This is a great, quick week-night meal! We don't do vegetarian meals very often (which I actually feel guilty about -- see this clip for my feelings on the matter), but this is a good one that my carnivore husband, Alex, even approves of.
Prego now makes a Basil Pesto sauce that's really good, though Target also has an Archer Farm's Creamy Pesto sauce that's divine. Both are delicious, so either one will work wonderfully!
Creamy Pesto Eggplant Quesadillas
Recipe adapted from Lauren's Latest
Ingredients:
- 2 Tbsp. olive oil
- 1 tsp. kosher salt
- 1 eggplant
- 1 zucchini
- 1 cup mozzarella cheese, shredded
- 4 Tbsp. creamy pesto sauce
- 4 flour tortillas
Directions:
- Preheat oven to 425. Line baking sheet with aluminum foil, and grease lightly with cooking spray.
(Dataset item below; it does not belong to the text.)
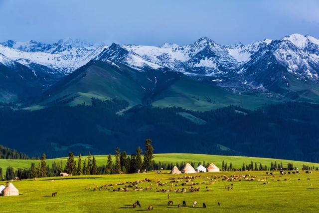 🌄【那拉提草原】——千里草原,一望无际,这里的草原宽广无垠,牛羊成群,毡房点缀其间,是感受草原风情、体验牧民生活的绝佳之地。

- Slice eggplant and zucchini into 1/4 inch slices. Places slices on cookie sheet and using a pastry brush, brush each piece with olive oil. Lightly sprinkle kosher salt on top.
- Turn over each piece, and repeat step 2.
- Bake for 20 minutes, turning slices over at least once during baking. Veggies will be done once they display a slight browning on each side.
- When veggies are done, heat non-stick skillet on medium-low heat. Lightly grease with cooking spray.
- On a tortilla, layer 1 tablespoon creamy pesto sauce, mozzarella cheese, eggplant, and zucchini. Fold over to make a quesadilla.
- In non-stick skillet, heat each side of quesadilla until tortillas start to brown and cheese is melted through. Enjoy!